# swapping out the stock radio



## The Black Mongoose (Oct 16, 2012)

newb here. just got my gto (2006) and one thing that has to happen is swapping out that stock radio. is there anything i need to know about swapping it. for example, i know on some cars, a lot of its system go through the radio, is that the same case here?? i know i have to pull the stock radio and keep it just incase. anything else i should know before i start.


----------



## Bug Splat (May 23, 2013)

1st, you will need an antenna adapter for after market radios. Also, the antenna booster needs a 12v power source or you reception will be very poor. Use the remote/accessory power line in the A5 port.....


----------



## theGOATfather (May 5, 2013)

This thread is 7 months old bug splat. He probably has his new head unit in by now lol. Just sayin....


----------



## Bug Splat (May 23, 2013)

sorry, I had no idea it was that old or I would not have posted. My bad


----------



## HP11 (Apr 11, 2009)

The date is right on top of each post.....in red. js


----------



## Torrid MN (May 30, 2013)

Well, I for one appreciate Bug Splat posted 7 months after the OP! It's now almost exactly a year after he did, and I needed his info today!
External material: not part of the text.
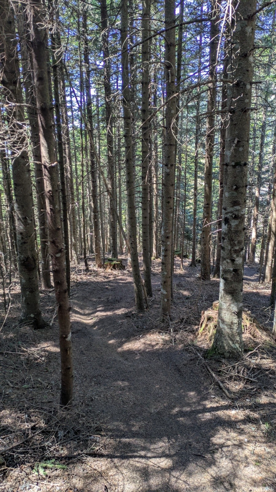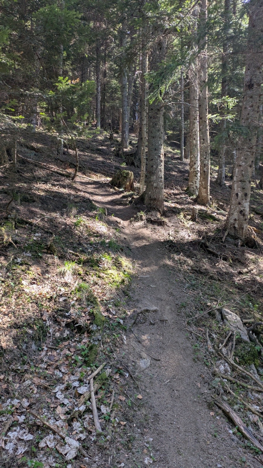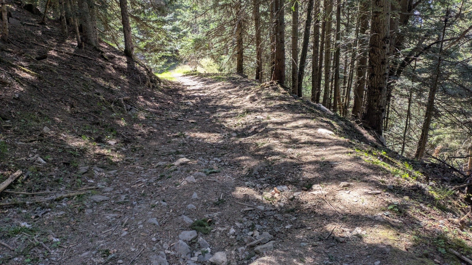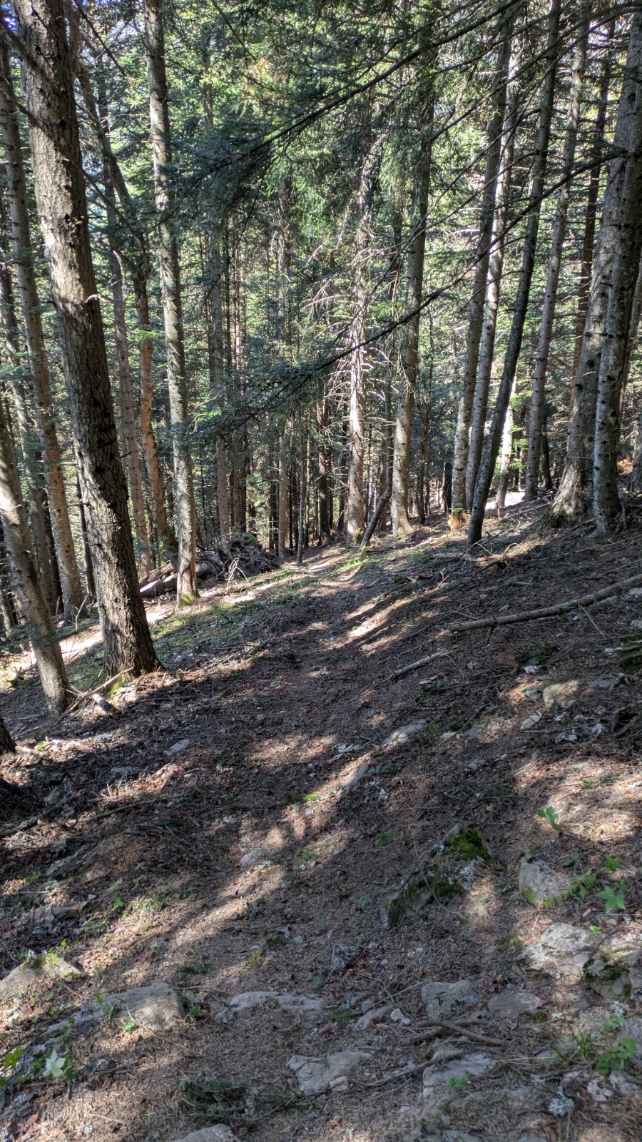 Tout est sec. Un peu trop car dans le raide pentu, même sur les freins, la bicyclette accélère. Ensuite 2 choix : tu sautes du vélo / tu engages pour le virage. Dans les 2 cas, on prend son pied et adrénaline garantie.🤪

IMO, people on this site are way too concerned about extraneous posts! There's a good chance that they aren't extraneous at all... Let the information flow! 
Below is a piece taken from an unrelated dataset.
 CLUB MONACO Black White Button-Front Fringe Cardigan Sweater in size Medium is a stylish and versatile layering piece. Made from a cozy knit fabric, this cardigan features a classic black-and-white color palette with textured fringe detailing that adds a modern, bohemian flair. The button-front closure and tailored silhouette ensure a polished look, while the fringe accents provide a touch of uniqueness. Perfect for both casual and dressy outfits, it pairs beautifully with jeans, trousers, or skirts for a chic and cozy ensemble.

Sent from AutoGuide.com App


----------



## gtiplus (Feb 6, 2014)

Torrid said:


> Well, I for one appreciate Bug Splat posted 7 months after the OP! It's now almost exactly a year after he did, and I needed his info today!
> 
> IMO, people on this site are way too concerned about extraneous posts! There's a good chance that they aren't extraneous at all... Let the information flow!
> 
> ...


Good point. i have the same questions. I just ordered an aftermarket unit and have the same concerns about the security system and things like that running through the oem unit. hopefully i can find more post on this topic. This was the firs one that i came to.


----------